The violence in “The Assassin” does not behave like the violence in virtually any other wuxia martial arts picture. Hou cuts away, or into, a clash of sword-wielding warriors at unpredictable and eccentrically timed junctures. He does not deliver the usual; he’s incapable of “the usual,” as a filmmaker with an unparalleled eye for compositional rigor and mouth-watering landscapes.

Another master, Chinese auteur Jia Zhangke, works in an entirely different key — many different keys, in fact — in “Mountains May Depart,” an audacious, squirrelly love triangle completely shut out by the jury.

Of the French films in competition, the best was unfairly squeezed out of the main competition slate and ended up in Directors’ Fortnight. Arnaud Desplechin’s “My Golden Days” serves as a lovely, rollicking prequel to the filmmaker’s “My Sex Life … or How I Got Into an Argument.” The story brings the recent, late-20th century past to life, following the fortunes of Paul (lovely, unaffected work from young newcomer Quentin Dolmaire) and his vexing long-term love for Esther (Lou-Roy Lecollinet).

It’s a film about young-adult romance and heartbreak that embraces the highs, lows and the in-betweens, at an age when love is a melodrama being written on the fly.

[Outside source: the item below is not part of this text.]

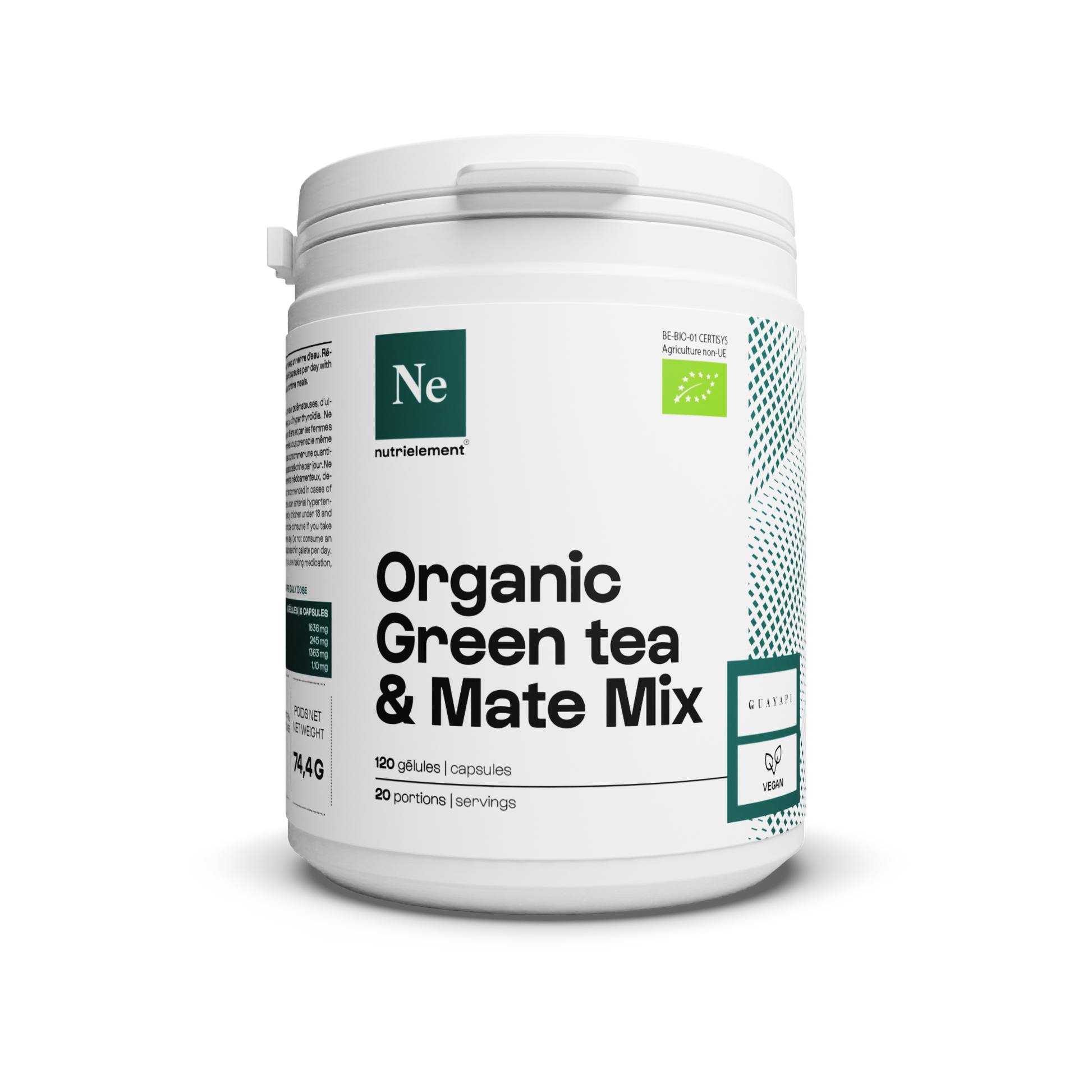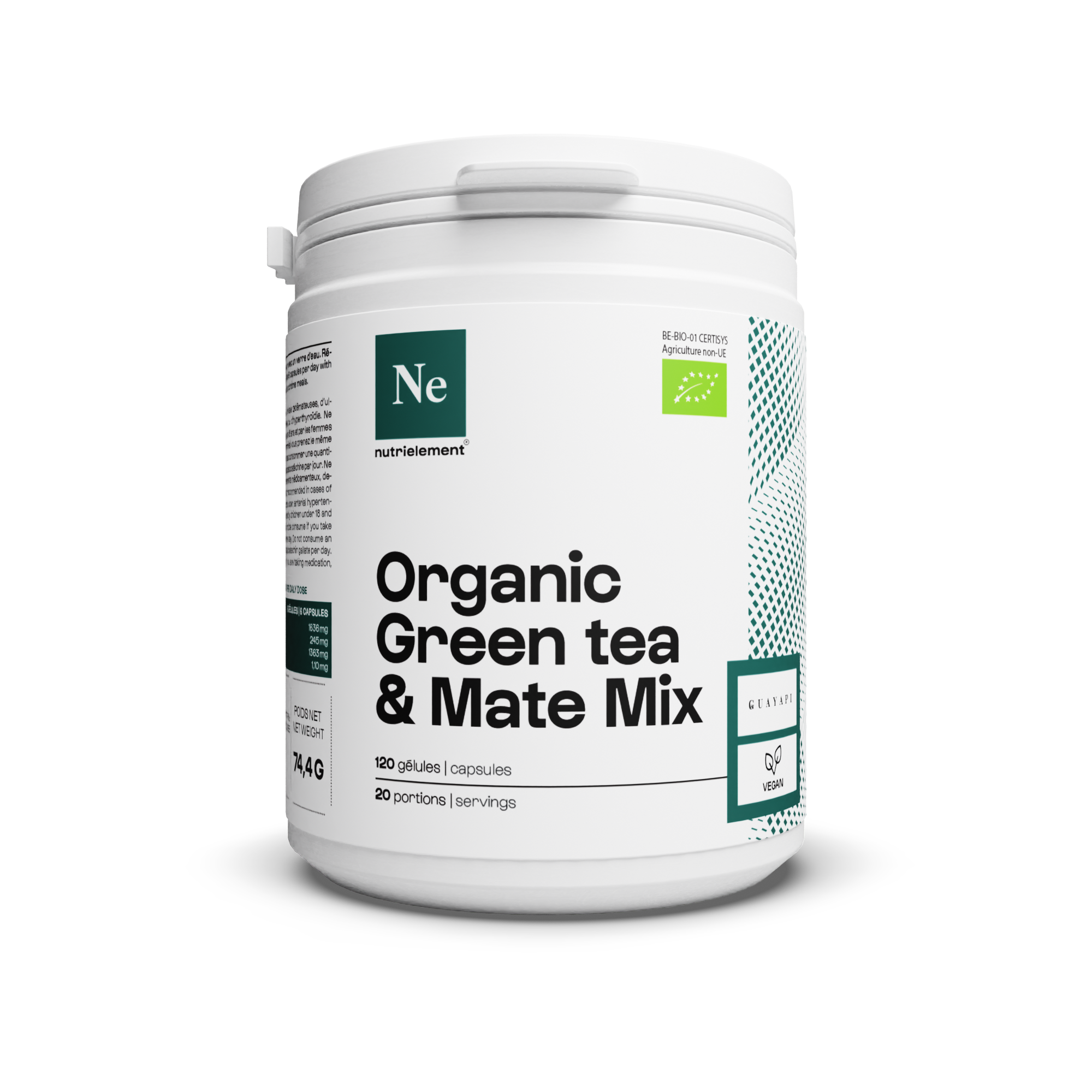 Poudre de feuille de thé vert (Camellia sinensis) biologique, poudre de feuille de maté (Ilex paraguariensis) biologique, gélule végétalienne (agent d’enrobage : hydroxypropylméthylcellulose)… et c’est tout.

Closing weekend, in the Cannes Classics sidebar, one of the last things I saw was Kent Jones’ documentary “Hitchcock/Truffaut,” an irresistible love letter to one of the most justifiably dog-eared film books in history. Tight and packed with judiciously chosen clips, it’s an account of how Francois Truffaut came to interview his cinematic idol over the course of a week in 1962, in between the release of “Psycho” and “The Birds.”

If nothing else the documentary should stoke appreciation for some of Hitchcock’s less universally revered titles, “The Wrong Man” chief among them. Interviews with David Fincher, Martin Scorsese and others keep the Hitchcock love coming. And then the documentary ends with a lovely freeze frame of the key hidden in Ingrid Bergman’s hand in “Notorious.” Pure cinema.

It was swell to see “Hitchcock/Truffaut” in a particular corner of the world that will never apologize for the love of pure cinema.